# 7-zip download



## Dragonheart (4 September 2008)

Hallo,
mal als kleiner Hinweis:
Bei der Suche nach "7-zip" ist als erster Treffer der Eintrag "7-Zip Download Deutsch" zu sehen. Diese Seite bitte nicht aufrufen, da man dort (mal wieder) ein kostenpflichtiges Abo für ein kostenloses Programm abschliessen müsste.

Der zweite Eintrag darunter (chip- download) ist wirklich kostenlos.


----------



## bernhard (4 September 2008)

*AW: 7-zip download*

Oben steht bezahlte Fängerwerbung. Wer da klickt, den kann nichts mehr retten.


----------



## Dragonheart (4 September 2008)

*AW: 7-zip download*



bernhard schrieb:


> Oben steht bezahlte Fängerwerbung. Wer da klickt, den kann nichts mehr retten.

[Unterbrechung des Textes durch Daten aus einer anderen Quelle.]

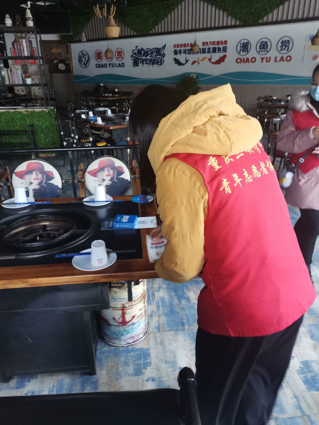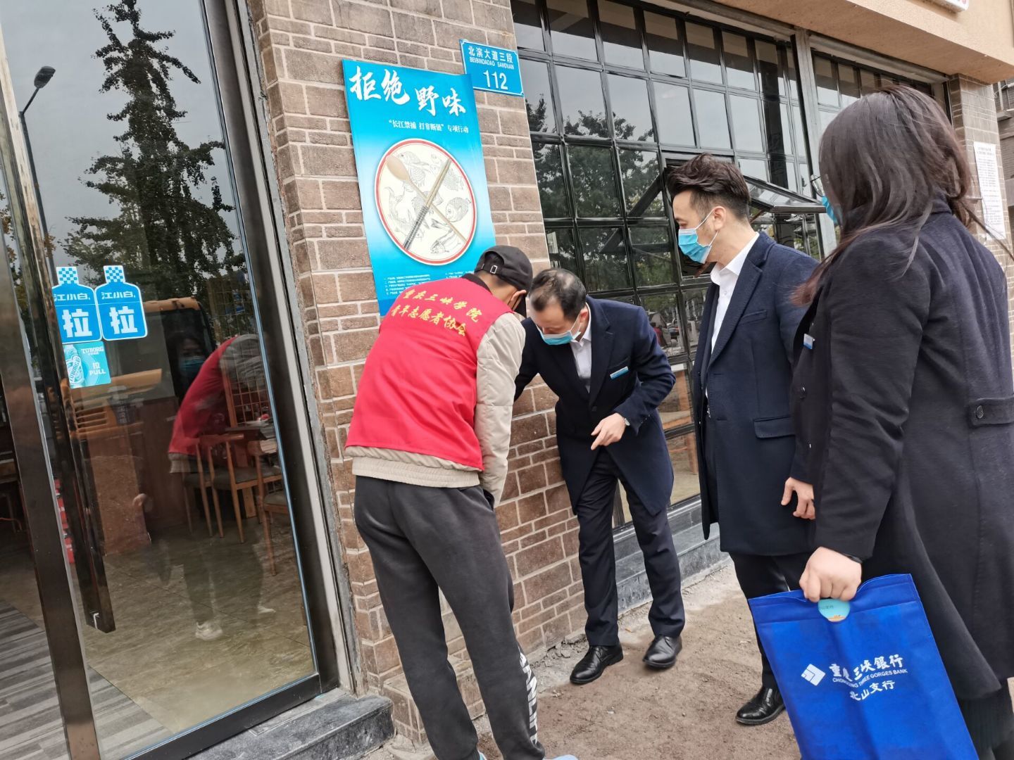 在活动现场,志愿者和干事们一同前往北滨大道,给餐饮行业的店主们介绍不文明用餐的危害。并提供切断病菌在餐桌上传播途径的方法,然后提供力所能及的帮助。志愿者们提倡“吃得合法”“吃得合理”“吃得卫生”“吃得礼貌”“吃得干净”五项要求,引导人们重视文明用餐,并向群众分发传单进行宣传,随后志愿者与干事们合影留念。

Zumindest, wenn er sich da wirklich anmeldet.  Du hast es sehr treffend ausgedrückt.


----------



## Nicko1998 (4 September 2008)

*AW: 7-zip download*

Wieder mal alter Bekannter?


----------



## physicus (4 September 2008)

*AW: 7-zip download*

Hallo!

Tja, ich habe die AGBs interessant gefunden. Dort versteckt sich mal wieder der Preis von 12 x 8€ für ein 24-Monatsabo. Versteckte Kosten... Wer hier sucht, weis, was er damit zu tun hat.

LG
P


----------